To test the performance our PostgreSQL full text search configuration, we created a JMeter test plan.
We used 5 threads, to simulate simultaneous users submitting search queries, but added a random pause between requests of from 4.5 to 5.5 seconds (using a Gaussian Random Timer), to introduce a more realistic delay interval (real users aren’t likely to be searching constantly within a tiny interval). In order to add more realism, we parameterized the SQL queries to read search terms from a CSV file, rather than repeating the same search each time. The searches returned a maximum of 10,000 records each time.
Approach 1: Using only a GIN Index
Our first set of queries executed a search against a VARCHAR column, which had a GIN index added to it to support full text searches.
For each row that satisfies the query criteria, PostgreSQL must convert the VARCHAR column into its tsvector representation.
This table shows the results or our tests:
Approach 2: Using a TSVECTOR Column with a GIN Index
To enable our second test, we created a tsvector column and set it to the equal the tsvector representation of the original column (main_title in this case). We then created A GIN index on that new tsvector column. We then queried the tsvector column.
The results, for the same test configuration are shown in the next table.
It’s not surprising that the second test shows results that are slightly faster, on average, than the first test. Having the tsvector column saves PostgreSQL from converting a string to tsvector for each row that satisfies the query criteria.
We plotted the % of peak density (using a probability density function) for both approaches.

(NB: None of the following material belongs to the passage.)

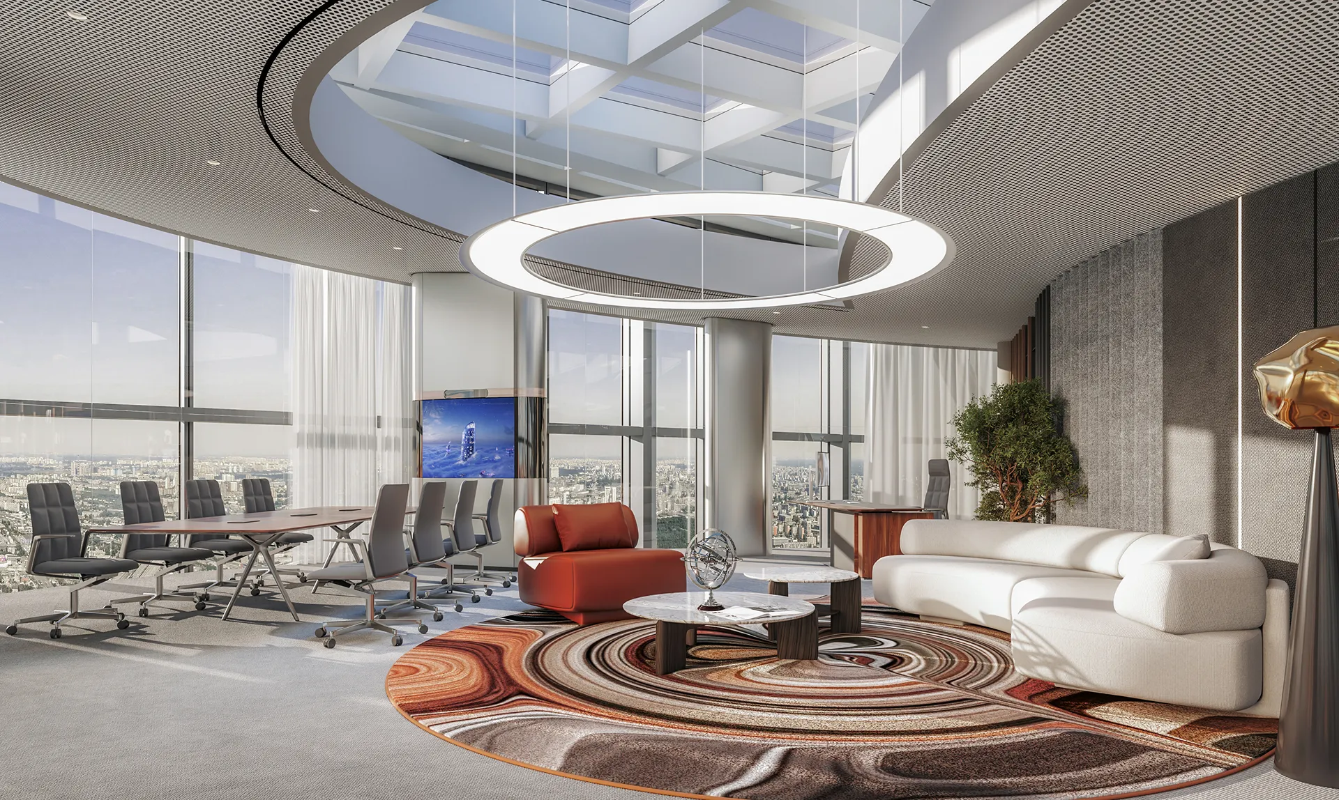 Все рабочие сценарии в одном роскошном футляре: офисный пентхаус Башни Федерация представляет собой продуманное до мельчайших деталей пространство для бизнеса.

As the chart below shows, adding the tsvector column with a GIN index not only makes the response faster, but also makes it more consistent - the red line is underneath the blue line on both ends of the distribution.
The question thus becomes whether the tradeoff of additional storage and database objects, including a trigger to keep the primary column(s) in-sync with the tsvector column(s) is worth the performance improvement, as compared to simply querying a string column that has a GIN index created on it. The answer, of course, will depend on your particular use case and the expectations of application users.
Obviously there are limits to PostgreSQL’s full text searching which make it unlikely that you would want to use it for large-scale externally-facing search applications. However, for an internal-only application, PostgreSQL’s full text search is more than up to the job.